0

My data looks like this:

enter image description here

The blue line represent data from last year and the green dots represent data from current time. The green dots happen to be on the blue line, but this is not always the case, they might divert, but not too much. Meaning, the slope and the curvature might be different, and the y-axis values might also be different in respect to the x-axis values. The x-axis is something like day-of-year. I would like to fit a curve to the blue line, which will generalize its shape, but it should also be flexible to estimate a new blue line that will be based only on the green dots. Think of it as a real-time progress- where every few days I will get a new green dot and I would like to estimate a new blue line, based on the new set of green dots. In other words, to change the blue line coefficients, based on partial data (a set of green dots). The y-axis values will not exceed 1, and will not go below 0, and the x-axis values should be between 0 and 200. I have tried segmented linear regression and 2nd-degree polynomials but they did not work well.
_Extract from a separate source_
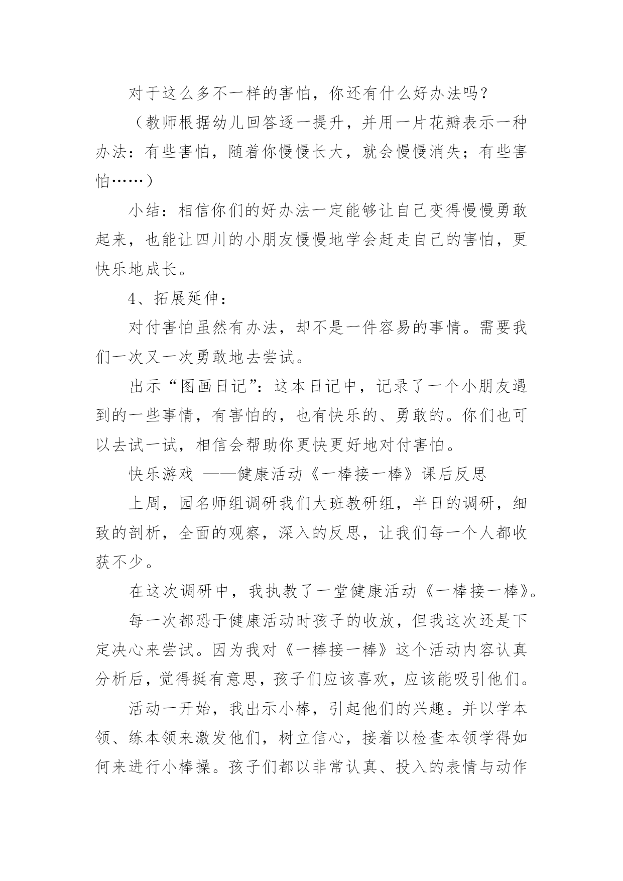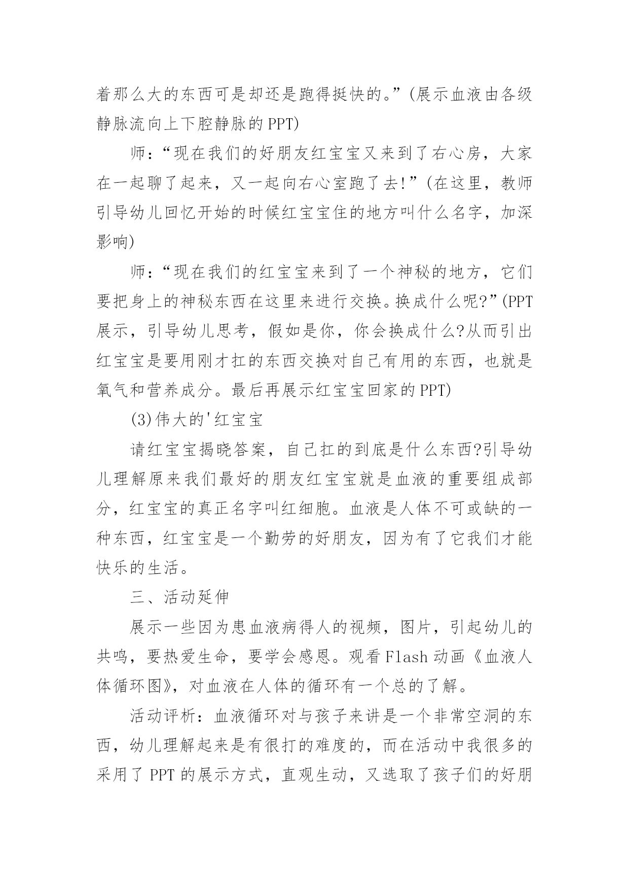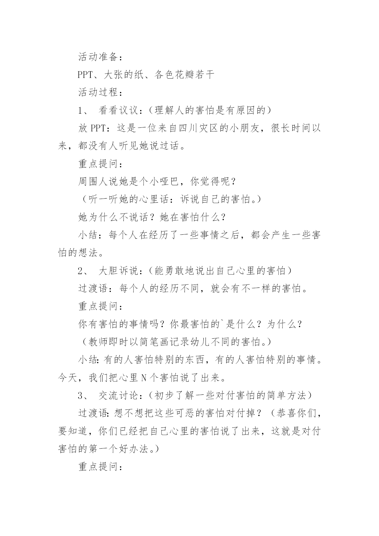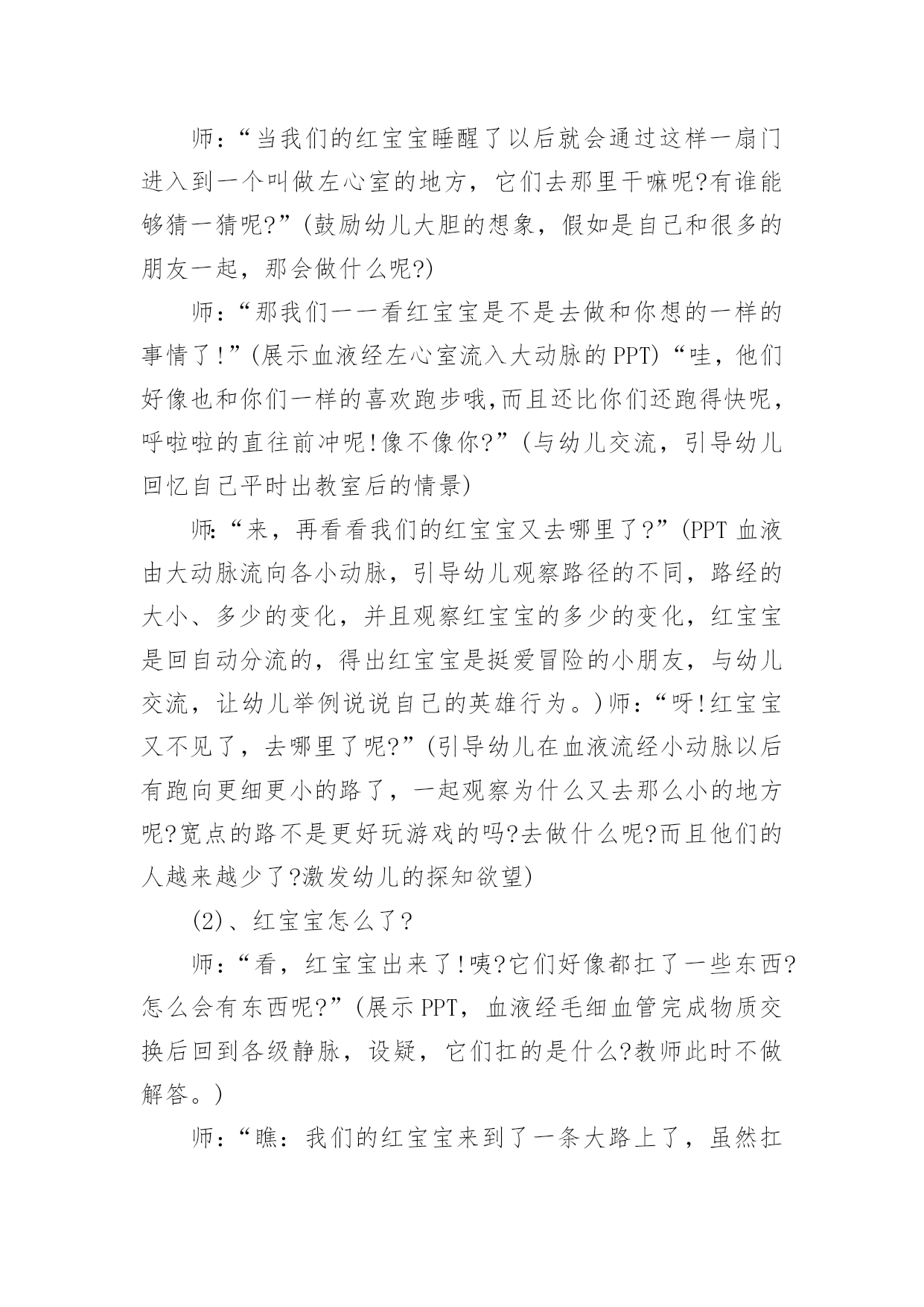 大班健康教案大班健康教案范文集合六篇作为一名默默奉献的教育工作者,时常会需要准备好教案,借助教案可以让教学工作更科学化。教案应该怎么写呢?以下是小编帮大家整理的大班健康教案6篇,仅供参考,希望能够帮助到大家。大班健康教案篇1目标:1.迁移已有经验进行充分的想象,并能够大胆表现自己的设想。2.尝试运用遮挡的方法处理较为复杂的画面。3.体验解决问题后的成就感和快乐。准备:纸和记号笔。过程:1.设置问题情景,充分引导幼儿想象。教师:小老鼠肚子饿了,想找东西吃。忽然它闻到了一股油的香味。它来到近处一看,哇!好大的一个油瓶呀!小老鼠想,我怎么才能喝到这香喷喷的油呢?请你们帮小老鼠想个办法,可以借助什么工具呢?什么办法最好?怎样做又快又好?2.通过讨论明确构图中可能出现的问题,尝试运用重叠的方法。教师:怎样表现许多小老鼠和一个大油瓶?怎样安排画面才显得丰富而不杂乱?用什么办法表现很多只老鼠?3、引导幼儿积极地迁移已有经验,表现丰富的画面。鼓励幼儿在创作中较为主动地表现自己的想法。提醒幼儿运用遮挡的方法表现物体和动物的'前后关系。4、展示幼儿交流幼儿的作品。教师:小老鼠是怎样偷到大油瓶中的油的?你是怎么画的?大班健康教案篇2活动目标:1、了解与他人友好交往方法。(重点)2、懂得谦让、理解他人,会给自己带来快乐。(难点)活动准备:1、PPT:心情播报员、壮壮和小朋友。2、音乐:快乐颂、快乐拍手歌。3、心情卡3张,记录纸和笔。活动过程:一、创设情境、体验情绪(一)、律动:《快乐颂》(二)、心情预报观看心情预报——PPT(三)、猜一猜心情不好的原因提问:晴天代表什么样的心情?阴天代表什么样的心情?猜一猜壮壮为什么会心情不好?重点引导幼儿根据自己的已有经验讲述心情不好的原因。(四)、观看——PPT《壮壮和小朋友》,了解壮壮阴天心情的原因1、提问:壮壮为什么心情不好?小朋友为什么都不理他了?2、帮助壮壮想想办法,他应该怎样做才能让小朋友重新喜欢他?3、我们帮助壮壮解决了问题,看看壮壮现在的心情是怎样?(播放PPT心情预报员)4、讨论:生活中你游戏的时侯,如果你想玩别人的玩具,应该怎么办?5、教师小结:大家一起玩的时候要学会谦让、等待、协商、合作,这样别人才会喜欢和你做朋友,朋友多了你才会更快乐。二、寻找快乐的'办法,并体验快乐。1、师:这里有3位小朋友,他们的心情是怎样的?心情为什么是阴天呢?他们遇到了什么事情?2、分组讨论并记录调节心情的方法。(站排头、想看同一本书、别人说我画的画不好看)教师重点引导幼儿想出调节心情的方法并进行记录。3、结束活动:音乐《快乐拍手歌》其实让我们快乐的方法还有很多,比如唱歌、跳舞、跑步、吃好吃的食物、看电视、散步等都会让我们的心情好起来!让我们一起来跳支舞吧!大班健康教案篇3设计思路:大地震牵动了全社会人的心。最近,灾后的心理辅导和治疗成了社会关注的热点。镜头中,许多原本活泼的孩子变得敏感而脆弱。这也引起了我的思考。我们的孩子在重重关爱下,经历的挫折少,得到的呵护多。尤其是独生子女,在心理发展过程中对遇到的问题往往缺乏交流的对象,更缺乏自我调节的能力。而校园安全月活动等又让我们更多地关注到孩子的安全、健康,尤其是心理健康问题。本次活动提出了“害怕”这样一个话题,让幼儿通过理解害怕,诉说害怕和对付害怕,帮助幼儿正确面对自己的恐惧心理,并寻求一些适当的方法。临近毕业,幼儿在进入小学后,如何以健康的心态面对自己遇到的挫折和困难,这对幼儿终生发展来说,将会是十分有益的经验。活动目标:1、知道每个人都会有不一样的害怕,能面对自己的害怕,并大胆地讲述。2、初步了解一些对付害怕的好办法。活动准备:PPT、大张的纸、各色花瓣若干活动过程:1、看看议议:(理解人的害怕是有原因的)放PPT:这是一位来自四川灾区的小朋友,很长时间以来,都没有人听见她说过话。重点提问:周围人说她是个小哑巴,你觉得呢?(听一听她的心里话:诉说自己的害怕。)她为什么不说话?她在害怕什么?小结:每个人在经历了一些事情之后,都会产生一些害怕的想法。2、大胆诉说:(能勇敢地说出自己心里的害怕)过渡语:每个人的经历不同,就会有不一样的害怕。重点提问:你有害怕的事情吗?你最害怕的`是什么?为什么?(教师即时以简笔画记录幼儿不同的害怕。)小结:有的人害怕特别的东西,有的人害怕特别的事情。今天,我们把心里N个害怕说了出来。3、交流讨论:(初步了解一些对付害怕的简单方法)过渡语:想不想把这些可恶的害怕对付掉?(恭喜你们,要知道,你们已经把自己心里的害怕说了出来,这就是对付害怕的第一个好办法。)重点提问:对于这么多不一样的害怕,你还有什么好办法吗?(教师根据幼儿回答逐一提升,并用一片花瓣表示一种办法:有些害怕,随着你慢慢长大,就会慢慢消失;有些害怕……)小结:相信你们的好办法

The solution I came up with thus far was to fit a "S" curve shape which asymptotic to 1, when x is somewhere between 0 and 75, and then to fit a "reverse" "S" curve which asymptotic to 0. It is not always easy to detect this turning point between the "S" curve fit and the "reverse S curve" fit. Is there a better way to generalize the blue line? is there a function that can do this without relying on something segmentation? I write in Python, so I prefer Python-oriented solutions, but of course I can implement other solutions as well.

user88484
  • 1,249
  • 1
  • 13
  • 34
  • What have you tried so far? https://stackoverflow.com/help/minimal-reproducible-example – Nikolas Rieble Aug 20 '19 at 05:58
  • It is written in the text: " I have tried segmented linear regression and 2nd-degree polynomials but they did not work well." Also, in the text, I have tried "S" curve shape. – user88484 Aug 20 '19 at 06:05
  • I recommend the following to improve your chance for a good answer: (1) Add the code you wrote. (2) Expand on and quantify "did not work well". (3) Define a target quality (=What would be good enough "to work well"). – Nikolas Rieble Aug 20 '19 at 06:06
  • you could try 4nd-degree polynomials – I.Omar Aug 20 '19 at 06:09
  • This will create unnecessary turning points. – user88484 Aug 20 '19 at 06:23
  • @Nikolas Rieble thanks for the advice, I am aware of that. The thing is that this problem is a part of a much bigger issue, and I tried to simplify it as much as possible. I will try to think how to follow what you suggested without writing a very long explanation. – user88484 Aug 20 '19 at 06:23
  • The best practice here is to create a toy dataset and produce the fits that you mentioned, visualizing them. – Nikolas Rieble Aug 20 '19 at 06:27
  • I think Bézier curve would be overkill! – I.Omar Aug 20 '19 at 06:58

2 Answers2

0

First you would choose a function to fit your data.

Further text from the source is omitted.